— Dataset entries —
──────────

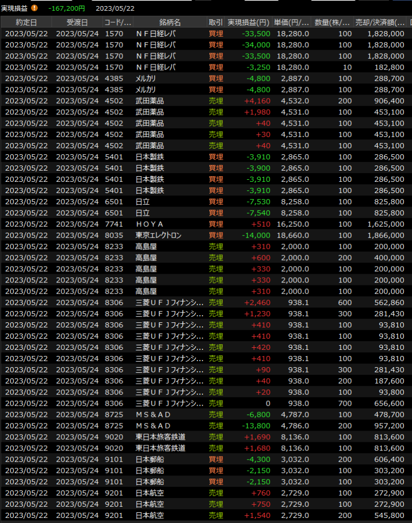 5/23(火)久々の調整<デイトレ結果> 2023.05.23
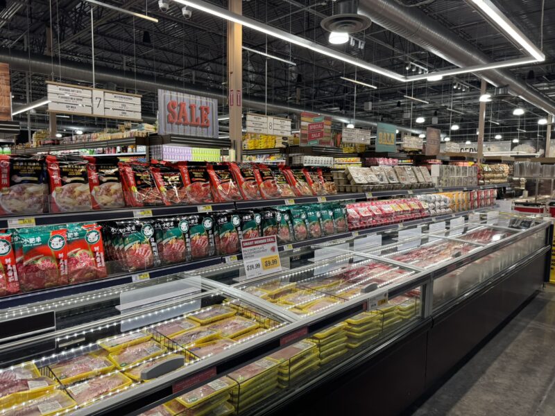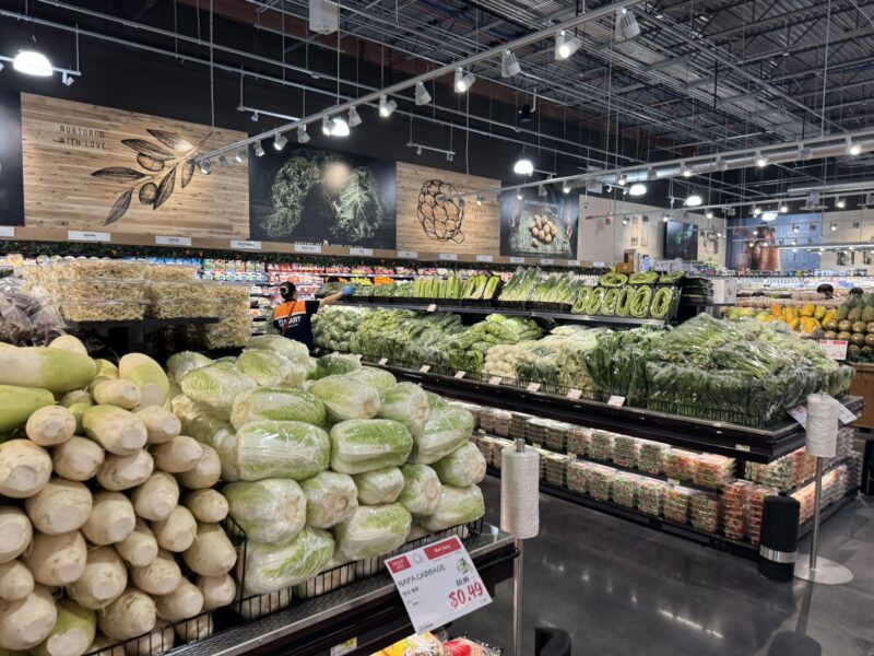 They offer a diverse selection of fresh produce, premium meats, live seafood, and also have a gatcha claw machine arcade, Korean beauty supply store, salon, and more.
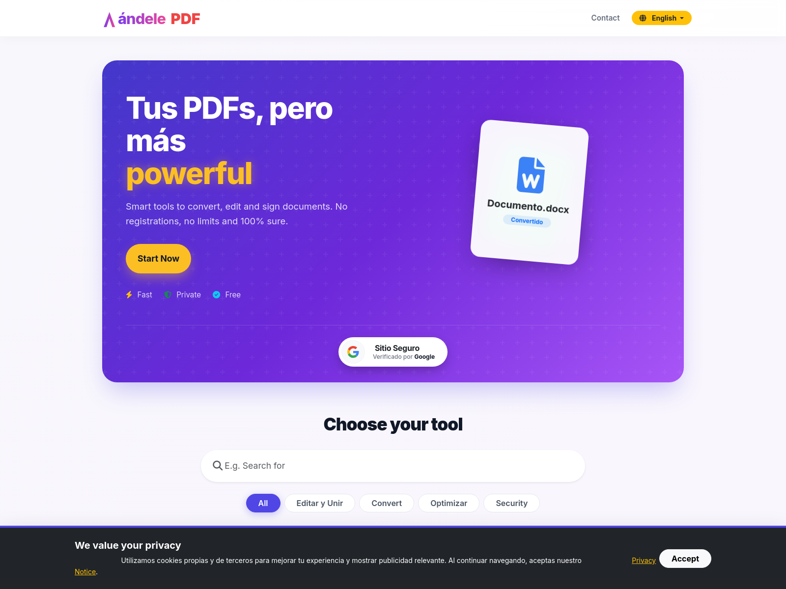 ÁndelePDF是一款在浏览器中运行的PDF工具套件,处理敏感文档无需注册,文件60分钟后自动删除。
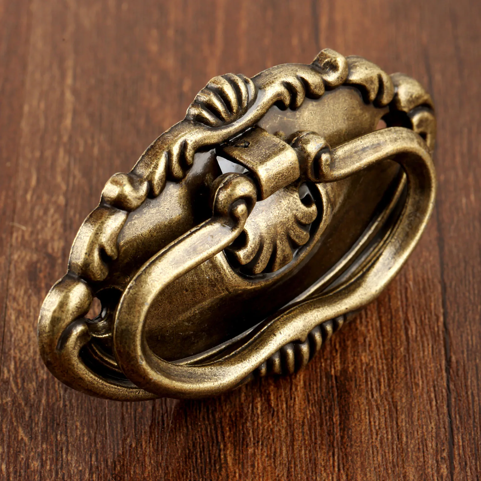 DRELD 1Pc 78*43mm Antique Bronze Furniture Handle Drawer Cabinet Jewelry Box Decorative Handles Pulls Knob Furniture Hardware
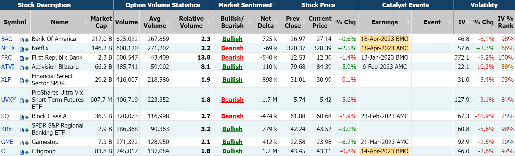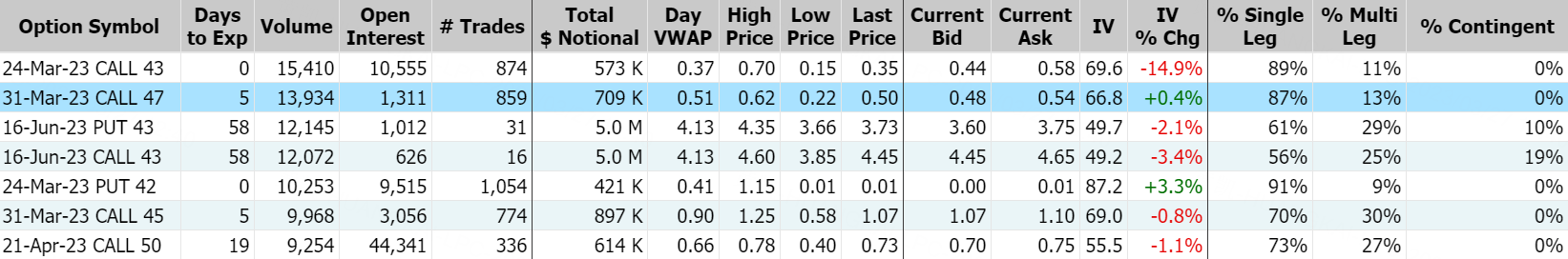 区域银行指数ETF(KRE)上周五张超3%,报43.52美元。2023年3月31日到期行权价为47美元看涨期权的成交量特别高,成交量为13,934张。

──────────

— What you are asked to do —
Since the copy must exclude the pictures, transcribe only the text of the records, word for word.

— Answer space —
 5/23(火)久々の調整<デイトレ結果> 2023.05.23
 They offer a diverse selection of fresh produce, premium meats, live seafood, and also have a gatcha claw machine arcade, Korean beauty supply store, salon, and more.
 ÁndelePDF是一款在浏览器中运行的PDF工具套件,处理敏感文档无需注册,文件60分钟后自动删除。
 DRELD 1Pc 78*43mm Antique Bronze Furniture Handle Drawer Cabinet Jewelry Box Decorative Handles Pulls Knob Furniture Hardware
 区域银行指数ETF(KRE)上周五张超3%,报43.52美元。2023年3月31日到期行权价为47美元看涨期权的成交量特别高,成交量为13,934张。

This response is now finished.